Conversely, the Russian delegation planned to spin out the talking for as long as possible, in hope that the events in Petrograd would lead to the peoples of France and Germany, weary of war and the heavy losses, rising in revolt and a consequent end to hostilities without Russia having to concede territory or reparations. Joffe had a weak hand to play even for that objective, and the other side of the table was seething with impatience.
When the leader of the Central Powers negotiators, Richard von Kühlmann, a former German foreign minister, outlined his requirements, Joffe was stunned. He demanded that the Russian territories in Poland, plus the Baltic provinces of Estonia, Latvia and Lithuania, amounting to 18 provinces of Russia, should be granted self-determination, and return of the Turkish town of Kars recently captured by the Russians. Joffe’s only comfort was Count Ottokar Czernin’s offer to make a separate peace on behalf of Austro-Hungary, desperate for grain. He was swiftly silenced by Von Kühlman’s warning that if he made a separate peace, all German divisions would immediately be withdrawn from the Austrian front.
Joffe requested a 12-day recess in the negotiations to allow him to consult Lenin and the Politburo. This was agreed, with the result that Lenin, still hanging on to hopes of risings of the masses in Berlin and Paris, replaced Joffe as chief negotiator with the Ukrainian Jew Leon (Lev) Trotsky, whose ability to argue the toss on any subject had led to his appointment as people’s commissioner for foreign affairs.
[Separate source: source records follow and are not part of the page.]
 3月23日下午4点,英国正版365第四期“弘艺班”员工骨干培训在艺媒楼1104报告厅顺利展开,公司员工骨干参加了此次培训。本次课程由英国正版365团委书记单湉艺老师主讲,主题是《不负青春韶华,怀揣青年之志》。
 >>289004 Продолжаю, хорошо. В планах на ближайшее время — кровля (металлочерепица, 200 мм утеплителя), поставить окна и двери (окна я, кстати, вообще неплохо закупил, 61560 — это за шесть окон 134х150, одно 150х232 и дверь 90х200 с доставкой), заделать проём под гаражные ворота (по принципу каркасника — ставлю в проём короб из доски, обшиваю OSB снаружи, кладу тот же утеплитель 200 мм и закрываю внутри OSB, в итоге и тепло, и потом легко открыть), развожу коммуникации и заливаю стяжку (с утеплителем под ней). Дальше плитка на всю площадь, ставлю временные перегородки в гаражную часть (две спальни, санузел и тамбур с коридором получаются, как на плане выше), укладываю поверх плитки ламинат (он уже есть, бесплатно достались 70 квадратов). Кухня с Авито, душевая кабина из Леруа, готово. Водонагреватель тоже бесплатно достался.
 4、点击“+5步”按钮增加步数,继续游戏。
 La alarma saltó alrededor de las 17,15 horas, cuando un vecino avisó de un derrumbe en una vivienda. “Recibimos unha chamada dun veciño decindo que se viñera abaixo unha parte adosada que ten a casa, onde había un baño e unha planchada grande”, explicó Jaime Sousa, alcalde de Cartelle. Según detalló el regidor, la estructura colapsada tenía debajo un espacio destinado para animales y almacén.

Negotiations resumed with Trotsky in charge of the Bolshevik team, but joined by a delegation from Ukraine, which unhelpfully declared its independence from Russia and willingness to trade hundreds of tonnes of grain with anyone ready to sign a peace treaty.
Trotsky was quick to perceive that there were disagreements within the Central Powers negotiators; even Von Kühlmann was receiving conflicting demands from Hindenburg, who wanted to be sure of the Baltic States as a ”secure left flank in the next war”, and Ludendorff urging for a swift release of his German divisions on the Eastern Front. Trotsky skilfully exploited the differences between the German, Austrian, Bulgarian and Turkish delegations and argued each point on an obscure matter of principle.
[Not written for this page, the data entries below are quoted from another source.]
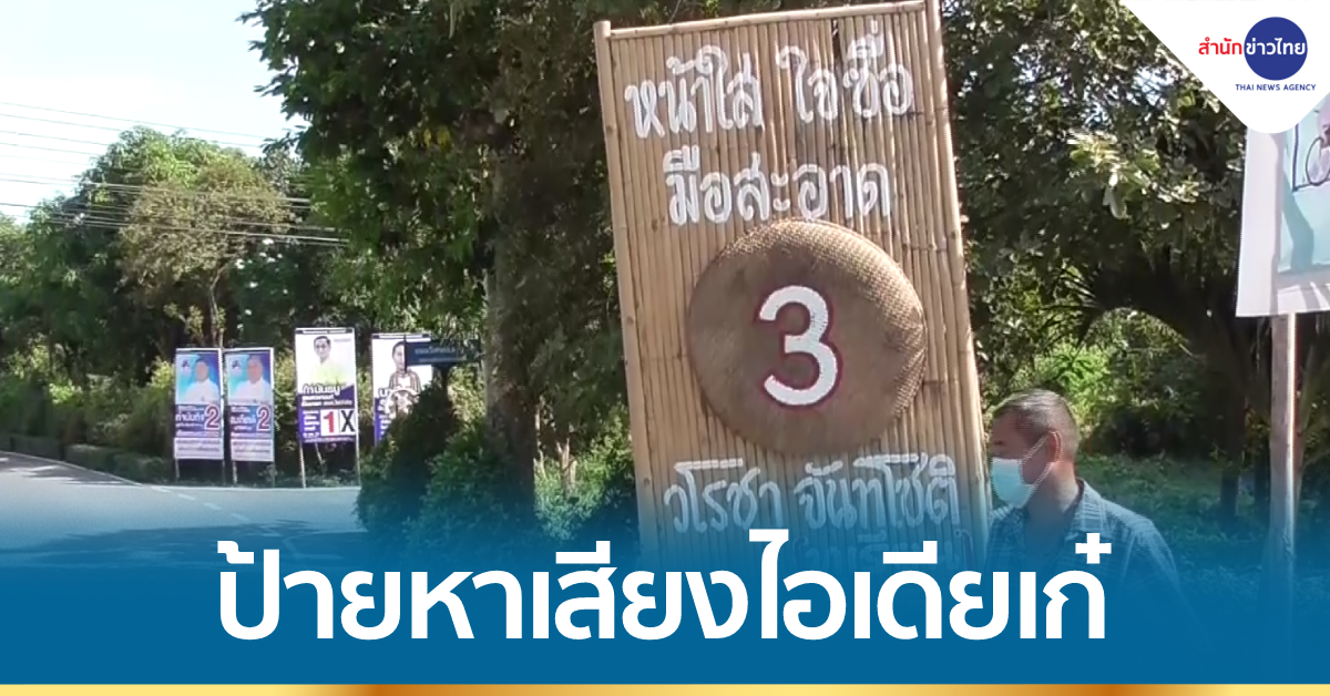 ผู้สมัคร อบต. หลายรายต่างหากลยุทธ์วิธีต่างๆ ที่จะดึงความสนใจของประชาชน ซึ่งป้ายหาเสียงส่วนใหญ่ที่นิยมใช้ป้ายอิงค์เจ็ตที่มีสีสันสวยงาม แต่ที่ จ.อ่างทอง มีป้ายหาเสียงที่แสนจะประหยัด เรียบง่ายและใช้เงินในการทำป้ายเพียงไม่กี่บาท ซึ่งสามารถสร้างความสนใจให้กับประชาชนที่ผ่านไปมา
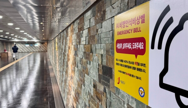 남대문 지하보도에 붙은 AI 비명인식 비상벨 안내판. <사진=홈리스뉴스 편집부>
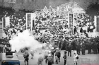 의사당 앞에서 마산학생석방 등을 외치며 연좌투쟁을 하고 있는 고대생들
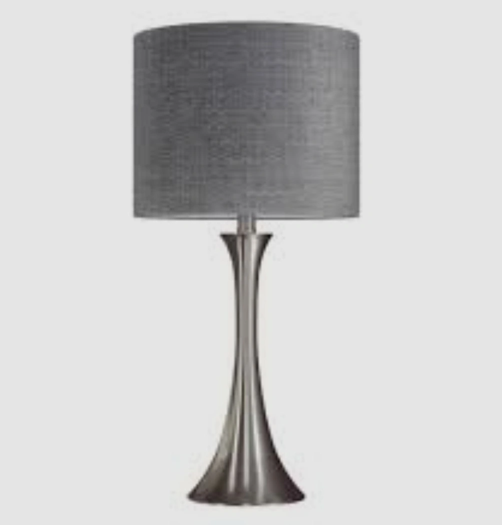 Selling a table lamp with a sleek brushed nickel base and a stylish grey shade.
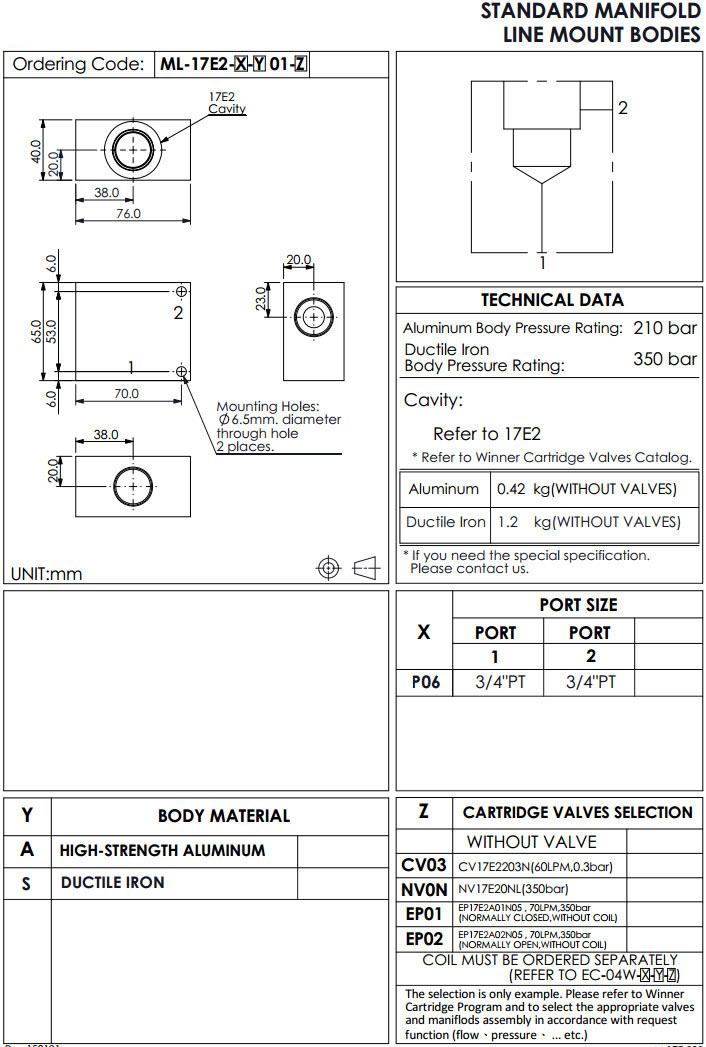 ML-17E2-P06-A01-CV03,ML-17E2-P06-S01-CV03,ML-17E2-P06-A01-NV0N,ML-17E2-P06-S01-NV0N,winner標準配管式油路板
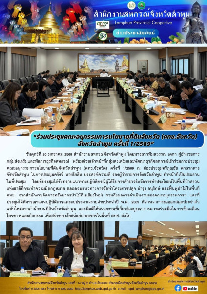 วันที่ 30 มกราคม 2569 สำนักงานสหกรณ์จังหวัดลำพูน โดยนางสาวพิมลวรรณ เคหา ผู้อำนวยการ กลุ่มส่งเสริมและพัฒนาธุรกิจสหกรณ์ พร้อมด้วยเจ้าหน้าที่กลุ่มส่งเสริมและพัฒนาธุรกิจสหกรณ์เข้าร่วมการประชุมคณะอนุกรรมการนโยบายที่ดินจังหวัดลำพูน (คทช.จังหวัด) ครั้งที่ 1/2569 ณ ห้องประชุมหริภุญชัย ศาลากลางจังหวัดลำพูน ในการประชุมครั้งนี้ นายโยธิน ประสงค์ความดี รองผู้ว่าราชการจังหวัดลำพูน ทำหน้าที่เป็นประธานในที่ประชุม โดยที่ประชุมได้รับทราบแนวทางปฏิบัติกรณีผู้ได้รับการสำรวจรังวัดการทำประโยชน์ในพื้นที่ป่าสงวนแห่งชาติที่กระทำความผิดกฎหมาย ตลอดจนแนวทางการจัดทำโครงการปลูก บำรุง อนุรักษ์ และฟื้นฟูป่าไม้ในพื้นที่ คทช. จากสำนักงานจัดการทรัพยากรป่าไม้ที่1(เชียงใหม่) รวมถึงผลการดำเนินงานของคณะอนุกรรมการฯ และที่ ประชุมได้พิจารณาแผนปฏิบัติงานและงบประมาณรายจ่ายประจำปี พ.ศ. 2569 พิจารณาการขอออกสมุดประจำตัวฉบับใหม่จากสำนักงานที่ดินจังหวัดลำพูน และมีมติให้หน่วยงานที่เกี่ยวข้องบูรณาการความร่วมมือในการขับเคลื่อนโครงการและกิจกรรม เพื่อสร้างประโยชน์แก่เกษตรกรในพื้นที่ คทช. ต่อไป
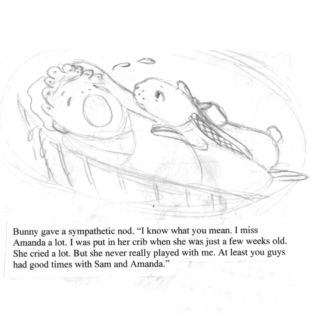 This small vignette I illustrated while my daughter was a baby, so the timing worked perfectly for such job. Here is also a page from the dummy book, with the text attached on paper over the sketch. I like it playing with the composition using small pieces of paper.
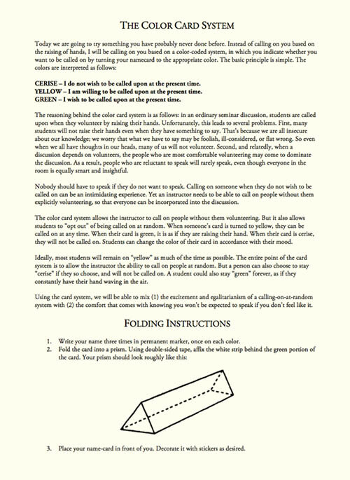 So when I started teaching, I tried to come up with a system that would have the positive features of voluntary participation (the people who don’t want to speak don’t have to speak) without the negative ones (the eager beavers dominate), and the positive features of cold-calling (bringing in reticent people, diversity of participants) without the negative ones (pants-shitting terror when the professor calls your name). The solution I devised was the color-coded card system. (I adapted it from a technique a law professor of mine, James Forman, used to use. His did not involve colors.)

After stringing out the talks for nine weeks, the Germans and Austrians lost patience and ordered their troops to resume their advance into Russia. By February 24 they had advanced 150 miles without meeting resistance. With no hint of uprisings in France or Germany, Lenin realised that the game was up and ordered Trotsky to accept the Central Powers’ terms without further quibble.
The treaty was signed on March 3, 1918, although a separate treaty of the same title had been agreed with Ukraine on February 9 and hundreds of tonnes of grain taken by rail to the starving in Austro-Hungary and Bulgaria. Strategically, the exit of Russia from the war threw an enormous extra burden on the Western Allies, as was to be most dramatically demonstrated by Ludendorff’s massive offensive of March 1918 that almost drove the British Expeditionary Force back to the sea.
The treaty was nullified by the Treaty of Versailles, which brought the war to an end, but Poland and the Baltic states retained their independence. Trotsky resigned his position as Bolshevik foreign minister, thus beginning a feud with Lenin and Stalin, which was only concluded by his assassination in Mexico on Stalin’s order in 1940.